Bunun için her Müslümanın dinini iyi öğrenmesi lazımdır. İmân, amel ve ahlâk ile ilgili, öğrenmesi ve yapması lâzım olan bilgileri ihtiva eden kitaplara “İlmihal” denir. İlmihâllerle zaruri din bilgileri verilir. Bu bilgileri öğrenmeyen bir kimsenin dînin emirlerini doğru bir şekilde yerine getirmesi mümkün değildir.
İlmihâl kitaplarında önce îtikâd (îmân) bilgilerine yer verilmiştir. Çünkü, inanılacak şeyler, dînin esâsını teşkil eder. Burada imanın altı şartı, Ehl-i sünnet âlimlerinin bildirdiği şekilde anlatılır. Sonra islamın beş şartı; ibâdet, helâl ve haram bilgileri anlatılır. Bundan sonra da, İslâm ahlâkından bahsedilir. Bu kısım, kalbi kötülüklerden temizlemenin, kısaca iyi bir Müslüman olmanın yollarını öğretir.
İlmihâl kitaplarının kaynağı, fıkıh kitaplarıdır. Fıkıh ilmi, insanların yapması ve yapmaması lâzım olan işleri bildirir. Fıkıh bilgileri, edille-i şeriyye denilen, “Kitap”, “Sünnet”, “İcmâ” ve “Kıyâs”tan çıkarılır. Dînin hükümlerini bu dört kaynaktan çıkartan müctehid âlimlere “Fakîh” denir.
Müctehid olmıyanların doğrudan doğruya bu dört kaynaktan fıkıh bilgisi öğrenmeleri imkânsızdır. Bunun için din bilgileri ancak fıkıh kitaplarından öğrenilebilir. Cehenneme gidecekleri hadîs-i şerîfte bildirilen "Yetmiş iki sapık fırka" âlimleri, Kur'ân-ı kerîmden yanlış ma'nâ çıkardıkları için sapıttılar.

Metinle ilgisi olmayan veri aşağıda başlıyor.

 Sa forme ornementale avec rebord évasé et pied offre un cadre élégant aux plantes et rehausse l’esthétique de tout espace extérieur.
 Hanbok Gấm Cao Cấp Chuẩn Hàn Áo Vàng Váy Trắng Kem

Âlimler sapıtınca, âlim olmıyanların Kur’an-ı kerimden, hadis-i şeriflerden dinini öğrenmeye kalkışması felâket olur. Kur'ân-ı kerîmin hakîkî ma'nâsını öğrenmek isteyen, Ehl-i sünnet âlimlerinin kelâm, fıkıh ve ahlâk kitaplarını okuması lâzımdır.

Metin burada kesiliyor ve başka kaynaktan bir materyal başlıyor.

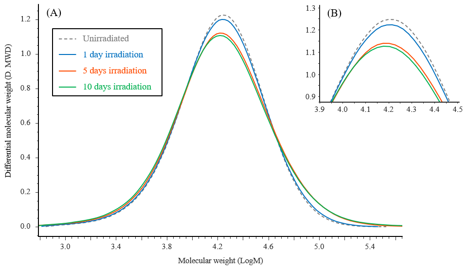 Furthermore, to measure the degraded layer of the test samples using GPC, Plane type Slicer (Slice Master KS-10, provided by JASCO Engineering Co., Ltd.) was used to remove the degraded layer from the irradiated surface of the test samples. The cut fragments were dissolved in the mobile phase to a concentration of 0.1 % (w/v) for use as the GPC measurement samples.
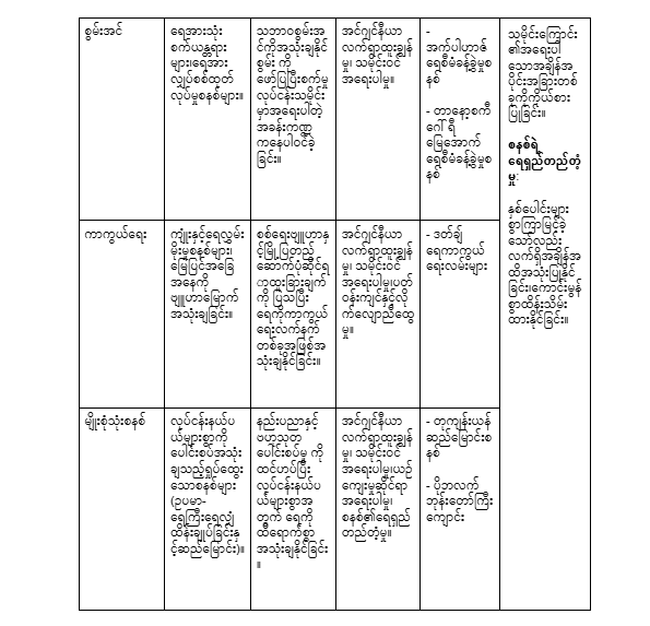 ထိုအပြင်ဇယားကွက်အပိုင်း(ခ)သည် ဤစာတမ်းဘာသာပြန်သူစုဆောင်း ဖော်ပြထားခြင်းဖြစ်သည်။
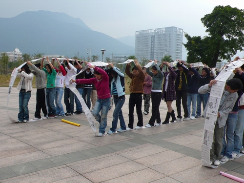 11月25日上午7:30,金沙官网邀请了三位专业训练师在金沙集团1862cc前面的场地上,给第五期团学干部培训班的所有学员进行了一场“业余兼专业”的素质拓展户外训练营活动。

Dört mezhebin kelâm (iman) kitapları aynı olup, fıkıh kitapları başka başkadır. Halk için yazılmış olan ve herkesin bilmesi ve yapması gereken iman, ahlâk ve fıkıh bilgilerini kısaca ve açıkça anlatan kitaplara “İlmihâl” kitapları denilmiştir. Her müslümanın, evinde mutlaka muteber ilmihâl kitabı bulundurması, dinini ilmihâl kitaplarından öğrenmesi şarttır.
İlmihâl kitabını alırken de rastgele almayıp, nakli esas alan, kafasına göre yorum yapmayan, dînini bilen, seven ve kayıran mübârek insanların ilmihâl kitaplarını alıp, çoluğuna ve çocuğuna öğretmek her müslümanın birinci vazîfesidir. Kendilerine aydın din adamı ismini ve süsünü veren câhil ve sapık kimselerin sözlerinden ve yazılarından din öğrenmeğe kalkışmak, kendini Cehenneme atmak demektir.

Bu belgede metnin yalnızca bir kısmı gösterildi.